# Hunting > Hunting >  Getting fit -  Stepping with Philipo

## Philipo

Thought since the roars heading our way, it would be good to pull out this vid I made a couple of years back ( quite a few on here have probably seen it & there is a story behind it  :Wink:  )

Enjoy  :Grin:

----------


## hillclima

LMAO, Good shit :Thumbsup:  :Thumbsup:

----------


## veitnamcam

Well done  :Thumbsup:

----------


## Shootm

Seen it before but it still cracks me up :Thumbsup:

----------


## outdoorlad

brilliant

----------


## midge

i love it

----------


## Josh

Bahaha, that's awesome.

----------


## Kiwi Greg

You are still a funny little bugger  :Thumbsup: 

Going to be up your way from the 8th til 12th mite give you a buzz *Philipo*

----------


## redbang

That is good shit !!!  :Thumbsup:

----------


## falconhell

thats gold mate  :Grin:  :Thumbsup:

----------


## puku

Awesome vid mate.

----------


## Kaimaikarl

I just hope the neighbours dont look over your fence much  :Grin:

----------


## Philipo

Cheers boys  :Pacman: 

PM sent Kiwi G

----------


## Grunt Futtick

Classic shit Philipo.  :Grin: 

I hadn't seen this before and had my suspicions that you were a mental bugger and this just confirms it.

----------


## Shooter

:Grin:  :Grin:  Pitty my lounge opens out towards the street...

----------


## savageshooter

I got shown this some time ago......absolute classic....wheres the bloody sequel??

----------


## Philipo

Hahaha yeah I might have to do a duck shooting vid if I can find the time  :ORLY:

----------


## BRADS

> I got shown this some time ago......absolute classic....wheres the bloody sequel??

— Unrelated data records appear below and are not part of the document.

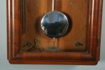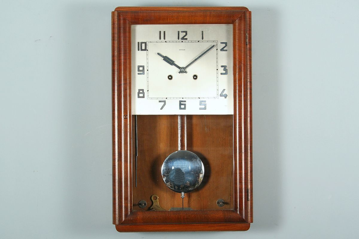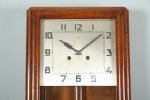závěsné hodiny v dřevěné skříňce dýhované ořechovou dýhou v moderním stylu 30. let, chromový plechový ciferník značený Kienzle, dvoutónové bití do tyčí, stroj na pérový pohon značený Kienzle, zcela funkční s kličkem na natahování, uvnitř skříňky aretační šrouby, 51 x 32 x 12 cm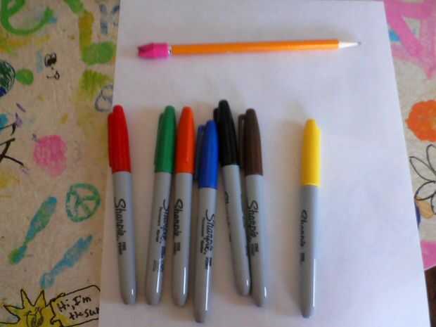 Sharpie de rojo, verde, naranja, azul, negro, marrón y amarillo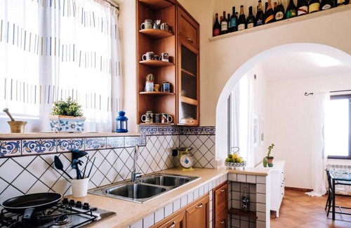 The villa has two terraces overlooking one of the most beautiful gulfs in Sicily. A covered terrace with a nicely furnished relaxation area and rich ornamental plants, facing the Gulf of Capo Zafferano and behind the green of the Monte Catalfano nature reserve. In the second terrace you can enjoy complete privacy and quiet, surrounded by greenery, equipped with all comforts to spend your holiday in complete relaxation (barbecue area, table with umbrella, deckchair, outdoor shower), the terrace overlooks saffron head and on the small basin of the "three pools", all around a suggestive vegetation and succulents. The colors of dawn and sunsets spent in these places will be unforgettable, Capo Zafferano is tinged with pink and the seagulls return. The breathtaking view can also be enjoyed inside, from the bright living room and the kitchen, just look around for the feeling of being suspended in the blue. The house offers a large living room with fireplace, dining area and sitting area with a large window overlooking the sea, connected to both terraces, built-in kitchen decorated with colorful majolica made by local craftsmen (complete with 4 burner stove, electric oven, oven microwave and fridge), two bedrooms, one double and one bedroom with three single beds (with possibility to make it double) and a large bathroom with washing machine and tempered glass shower. The house is tastefully furnished with a fresh style and attention to detail. All rooms (including living room) equipped with air conditioning and heating system to ensure maximum comfort even for those who choose to visit us in autumn and winter.
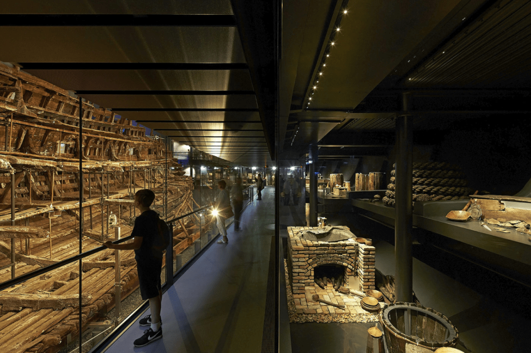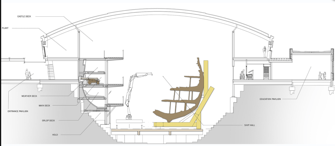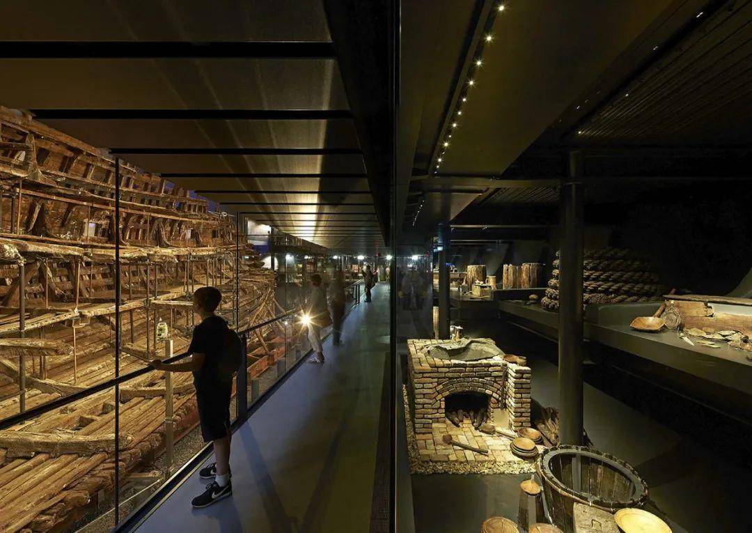 为了补充船体缺失的部分,设计师创造了一个虚拟的船体,其中按照船内原有的样子配备了枪、炮弹、备用品、储物箱和绳索等物品。博物馆分三层,游客可以在保存下来的右舷上行走,穿梭于真实和虚拟的船体之间,仿佛真的登上了“玛丽玫瑰号”,亲身感受船内的每一处材料和部件。尽端的展区由Land设计事务所设计,其布局更接近传统的博物馆,对历史画廊中的展品进行了详尽的说明。

   @Philipo told me on our last hunt the sequel will be out soon, watch this space boys.


Sent from my iPhone using Tapatalk

----------


## veitnamcam

Jeeze I need to start doing something....fat cunt...I might have to start smoking again for my health  :Grin:

----------


## HNTMAD

Your a dick. Total amateur 

Sent from my E2353 using Tapatalk

----------


## veitnamcam

Amateur dick?

Sent from my SM-G800Y using Tapatalk

----------


## BRADS

> Amateur dick?
> 
> Sent from my SM-G800Y using Tapatalk


Phill likes reading his own articles from hunting mags before bed time.
https://vimeo.com/144959427


Sent from my iPhone using Tapatalk

----------


## mikee

> Jeeze I need to start doing something....fat cunt...I might have to start smoking again for my health


Nah, Just hunt using the  "downhill" technique. Let gravity be your friend.  Climbing up is over rated  :Have A Nice Day: 

(I gained nearly 25kgs when i quit smoking and still manage to retain most of it by some quirk of fate)

----------


## Beaker

Gravity is your friend. (Unless pissed)

The first vid is a crack up, but oddly also gave some good ideas!
Although I might need to use a dinner table to achieve the same angles..... Haven't met you philpo, but you must be a short arse or that coffee table is bloody high  :Wink:

----------


## Rushy

I gotta meet this fella Brads.  He is a piss taker extraordinaire.

----------


## HNTMAD

> Gravity is your friend. (Unless pissed)
> 
> The first vid is a crack up, but oddly also gave some good ideas!
> Although I might need to use a dinner table to achieve the same angles..... Haven't met you philpo, but you must be a short arse or that coffee table is bloody high


If you mean short arse and accidentally said bush hobbit then you would get it right, 

Too bloke really great video,  just don't get caught by the Mrs 

Sent from my E2353 using Tapatalk

----------


## Chop3r

More of a piss drinker, he has a dance named after him, the Philipo shuffle. Its a sight to behold :Psmiley:

----------


## Spanners

> More of a piss drinker, he has a dance named after him, the Philipo shuffle. Its a sight to behold


And hes not even very good at piss drinking!  :ORLY:

----------


## veitnamcam

> And hes not even very good at piss drinking!


We shal see....

----------


## northdude

I just broke the fukn coffee table thanks a lot  :Sad:

----------


## Philipo

> Gravity is your friend. (Unless pissed)
> 
> The first vid is a crack up, but oddly also gave some good ideas!
> Although I might need to use a dinner table to achieve the same angles..... Haven't met you philpo, but you must be a short arse or that coffee table is bloody high


Some might say that, but Im average hight according to Police Ten 7  :Grin: 




> More of a piss drinker, he has a dance named after him, the Philipo shuffle. Its a sight to behold


Yes it's an easy dance to perfect, just drink a slab & off ya go, Chur  :Thumbsup: 




> I just broke the fukn coffee table thanks a lot


Trap for young players that one  :XD:

----------


## Philipo

> We shal see....


Im looking forward to having a few coldies with ya Cam  :Have A Nice Day:

----------


## jakewire

> Im looking forward to having a few coldies with ya Cam


Don't forget the Jameson.

----------